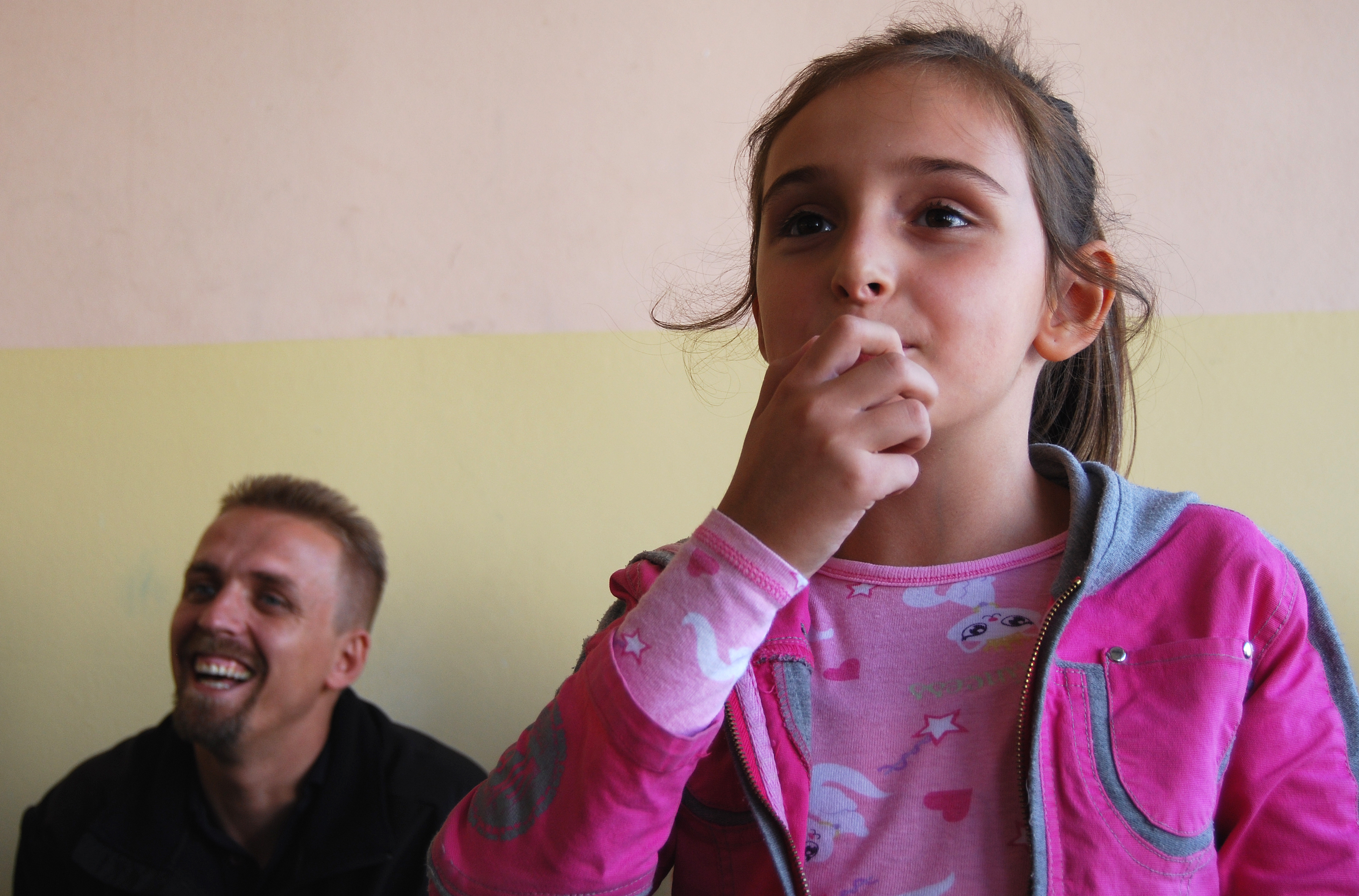 Lisa Beqiri, from the 'Dardania' primary school, calls firefighters as part of an exercise during an OSCE project on fire protection education, to be implemented in five primary schools in the Prishtine/Pristina region, 10 October 2008.
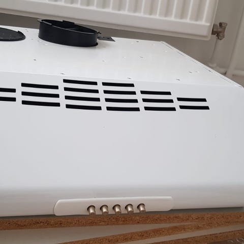 Vanerista tehty kulmamallin huuva ja siihen sopiva liesituuletin. Tuuletin merkiltään Silence Tech Electrolux. Tuulettimessa kolme nopeutta ja valo. Huuva vaatii maalauksen tai muun pinnotuksen.
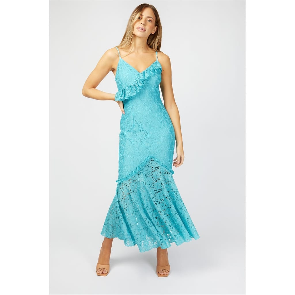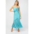 This Little Mistress maxi dress features a floral pattern with a v-neckline and a fishtail hemline. The slim fit design is enhanced by elegant ruffle embellishments, creating a sophisticated look for any occasion. -
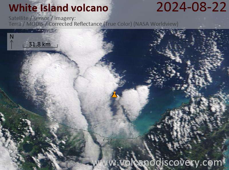 Veröffentlicht am 2024-08-23 von global-affairWhite Island Volcano Volcanic Ash Advisory: ERUPTION AT 20240812/1320Z CONTINUOUS LOW LEVEL ERUPTION to 6000 ft (1800 m) Satellite image of White Island volcano on 23 Aug 2024
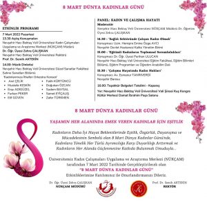 Kadınların daha iyi hayat beklentilerinde eşitlik, özgürlük, dayanışma ve mücadelesinin sembolü olan “8 Mart Dünya Kadınlar Günü”nde, kadınlara yönelik her türlü ayrımcılığa karşı duyarlılığı arttırmak ve kadınların her alanda güçlenmesine katkıda bulunmak amacıyla NEVÜ Kadın Çalışmaları Uygulama ve Araştırma Merkezi (NÜKÇAM) tarafından 7 Mart 2022 tarihinde bir dizi program düzenlenecek.

++++++

(TASK PROMPT)
Retype every entry exactly, but keep the pictures out of your copy.

(FINAL ANSWER)
 Lisa Beqiri, from the 'Dardania' primary school, calls firefighters as part of an exercise during an OSCE project on fire protection education, to be implemented in five primary schools in the Prishtine/Pristina region, 10 October 2008.
 Vanerista tehty kulmamallin huuva ja siihen sopiva liesituuletin. Tuuletin merkiltään Silence Tech Electrolux. Tuulettimessa kolme nopeutta ja valo. Huuva vaatii maalauksen tai muun pinnotuksen.
 This Little Mistress maxi dress features a floral pattern with a v-neckline and a fishtail hemline. The slim fit design is enhanced by elegant ruffle embellishments, creating a sophisticated look for any occasion. -
 Veröffentlicht am 2024-08-23 von global-affairWhite Island Volcano Volcanic Ash Advisory: ERUPTION AT 20240812/1320Z CONTINUOUS LOW LEVEL ERUPTION to 6000 ft (1800 m) Satellite image of White Island volcano on 23 Aug 2024
 Kadınların daha iyi hayat beklentilerinde eşitlik, özgürlük, dayanışma ve mücadelesinin sembolü olan “8 Mart Dünya Kadınlar Günü”nde, kadınlara yönelik her türlü ayrımcılığa karşı duyarlılığı arttırmak ve kadınların her alanda güçlenmesine katkıda bulunmak amacıyla NEVÜ Kadın Çalışmaları Uygulama ve Araştırma Merkezi (NÜKÇAM) tarafından 7 Mart 2022 tarihinde bir dizi program düzenlenecek.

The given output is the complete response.